To do – Your answer should give again, exactly, the lines from the beginning of the entries below through the line containing "Metalowy wieszak na". It must contain no pictures.

Top of Source data

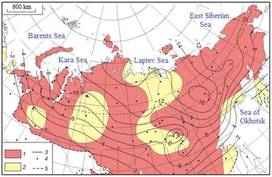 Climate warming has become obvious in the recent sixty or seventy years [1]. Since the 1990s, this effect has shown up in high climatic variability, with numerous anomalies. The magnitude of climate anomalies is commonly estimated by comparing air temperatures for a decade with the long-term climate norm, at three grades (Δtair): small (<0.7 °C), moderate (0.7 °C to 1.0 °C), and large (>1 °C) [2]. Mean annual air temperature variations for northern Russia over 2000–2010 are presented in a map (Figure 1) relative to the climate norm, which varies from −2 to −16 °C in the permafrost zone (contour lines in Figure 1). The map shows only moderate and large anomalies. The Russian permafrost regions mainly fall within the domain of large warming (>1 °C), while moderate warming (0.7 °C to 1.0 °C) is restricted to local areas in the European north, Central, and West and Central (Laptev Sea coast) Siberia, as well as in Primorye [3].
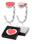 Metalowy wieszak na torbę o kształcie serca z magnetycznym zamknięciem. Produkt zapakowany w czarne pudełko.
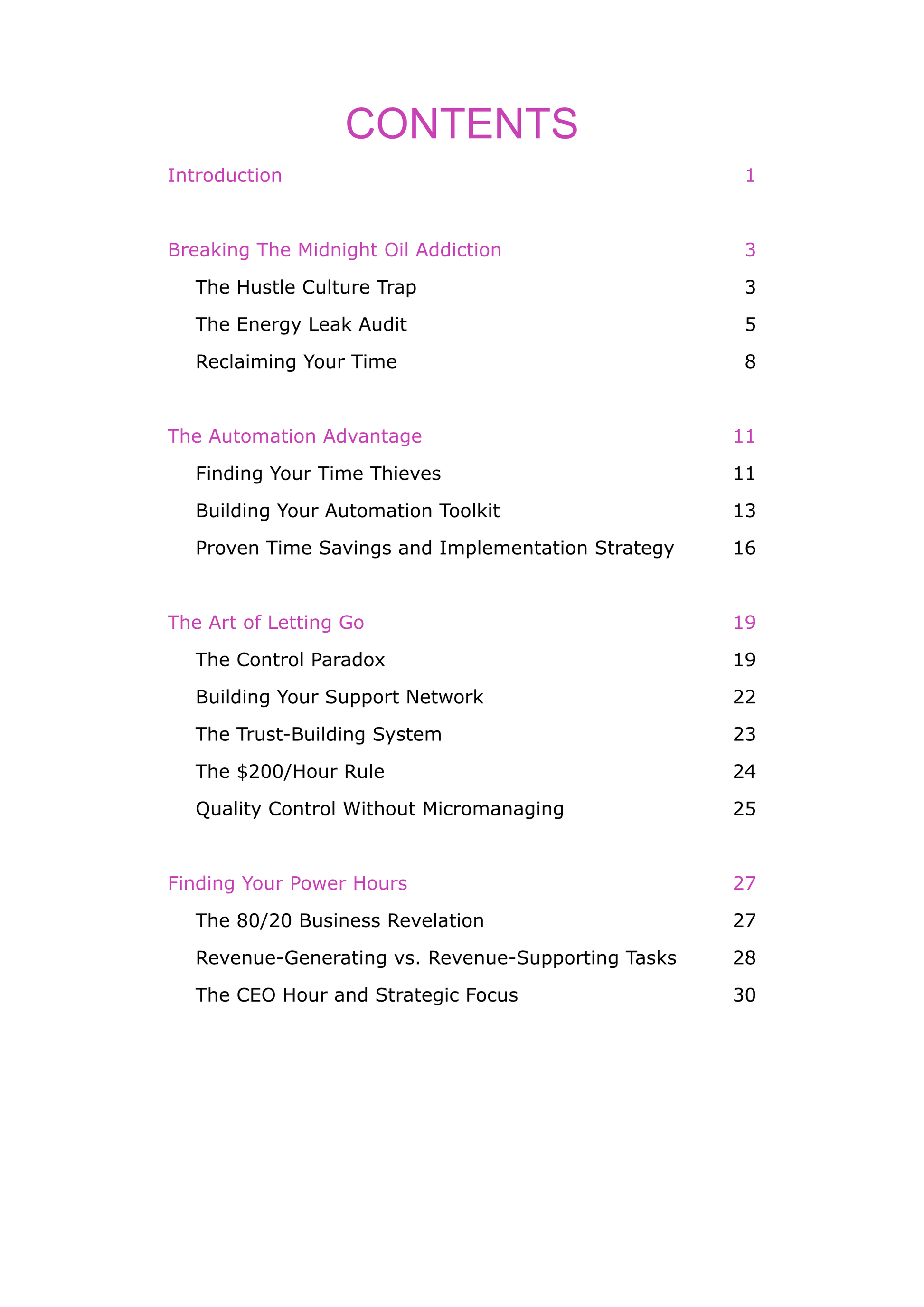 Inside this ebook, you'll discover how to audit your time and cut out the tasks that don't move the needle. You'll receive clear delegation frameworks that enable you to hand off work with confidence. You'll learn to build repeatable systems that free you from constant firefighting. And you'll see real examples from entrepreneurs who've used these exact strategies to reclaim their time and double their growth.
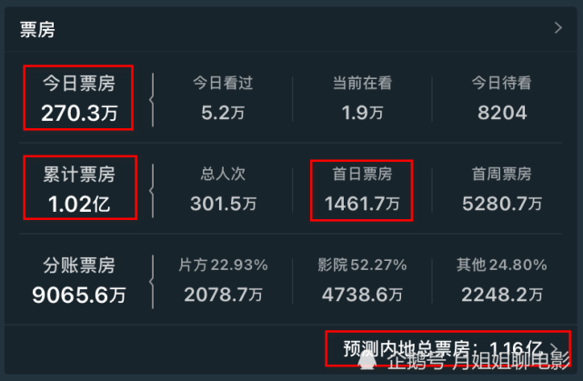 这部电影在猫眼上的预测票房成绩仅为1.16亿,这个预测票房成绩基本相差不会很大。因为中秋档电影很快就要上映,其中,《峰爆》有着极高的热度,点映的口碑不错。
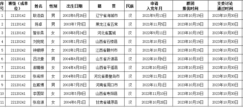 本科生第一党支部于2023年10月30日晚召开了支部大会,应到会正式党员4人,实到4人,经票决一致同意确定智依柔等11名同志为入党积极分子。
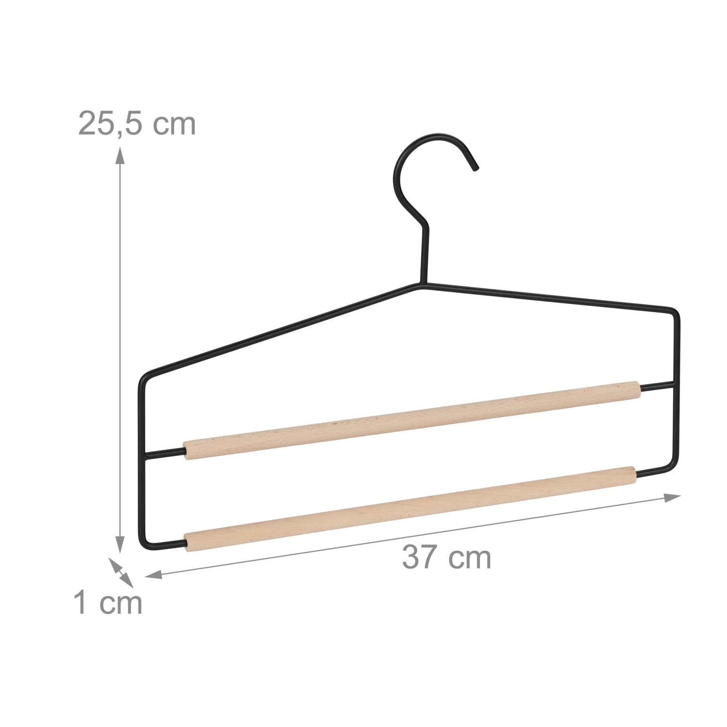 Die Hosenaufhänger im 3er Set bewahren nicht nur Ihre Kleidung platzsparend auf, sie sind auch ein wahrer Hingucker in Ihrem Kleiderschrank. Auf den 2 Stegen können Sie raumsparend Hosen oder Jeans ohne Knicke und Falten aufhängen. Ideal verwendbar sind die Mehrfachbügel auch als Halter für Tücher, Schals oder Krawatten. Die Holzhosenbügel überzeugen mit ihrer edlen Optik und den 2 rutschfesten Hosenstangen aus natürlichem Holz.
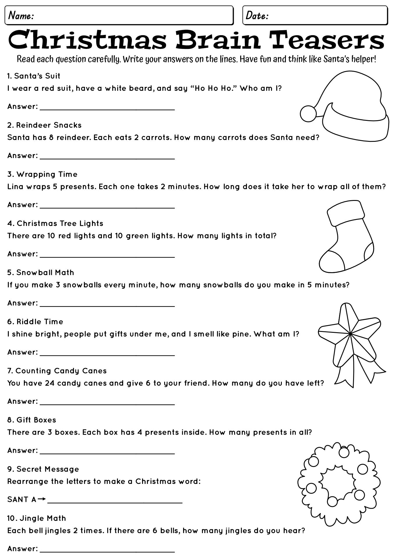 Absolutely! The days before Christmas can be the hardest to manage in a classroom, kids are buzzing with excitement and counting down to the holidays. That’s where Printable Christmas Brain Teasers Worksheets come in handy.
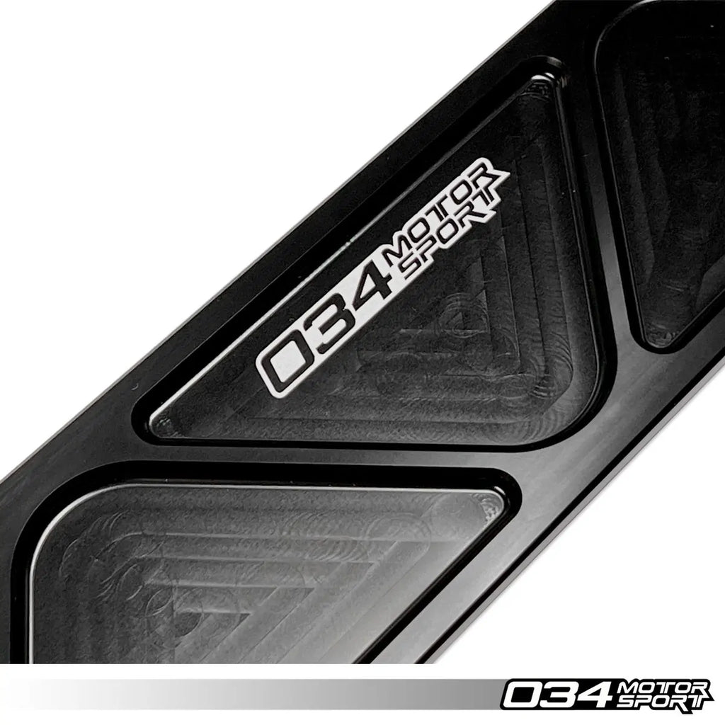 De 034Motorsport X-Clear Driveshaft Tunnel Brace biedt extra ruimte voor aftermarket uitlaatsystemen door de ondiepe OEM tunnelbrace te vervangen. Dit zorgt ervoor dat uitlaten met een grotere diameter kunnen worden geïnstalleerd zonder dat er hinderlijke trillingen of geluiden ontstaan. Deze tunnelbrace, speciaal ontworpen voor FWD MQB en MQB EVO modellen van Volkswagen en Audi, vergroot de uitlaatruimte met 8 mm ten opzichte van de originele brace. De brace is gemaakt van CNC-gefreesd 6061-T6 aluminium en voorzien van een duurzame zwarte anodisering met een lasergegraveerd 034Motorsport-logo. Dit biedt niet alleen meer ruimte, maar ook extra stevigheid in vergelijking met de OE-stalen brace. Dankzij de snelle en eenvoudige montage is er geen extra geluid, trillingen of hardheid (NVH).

Bottom of Source data

Answer space –
 Climate warming has become obvious in the recent sixty or seventy years [1]. Since the 1990s, this effect has shown up in high climatic variability, with numerous anomalies. The magnitude of climate anomalies is commonly estimated by comparing air temperatures for a decade with the long-term climate norm, at three grades (Δtair): small (<0.7 °C), moderate (0.7 °C to 1.0 °C), and large (>1 °C) [2]. Mean annual air temperature variations for northern Russia over 2000–2010 are presented in a map (Figure 1) relative to the climate norm, which varies from −2 to −16 °C in the permafrost zone (contour lines in Figure 1). The map shows only moderate and large anomalies. The Russian permafrost regions mainly fall within the domain of large warming (>1 °C), while moderate warming (0.7 °C to 1.0 °C) is restricted to local areas in the European north, Central, and West and Central (Laptev Sea coast) Siberia, as well as in Primorye [3].
 Metalowy wieszak na torbę o kształcie serca z magnetycznym zamknięciem. Produkt zapakowany w czarne pudełko.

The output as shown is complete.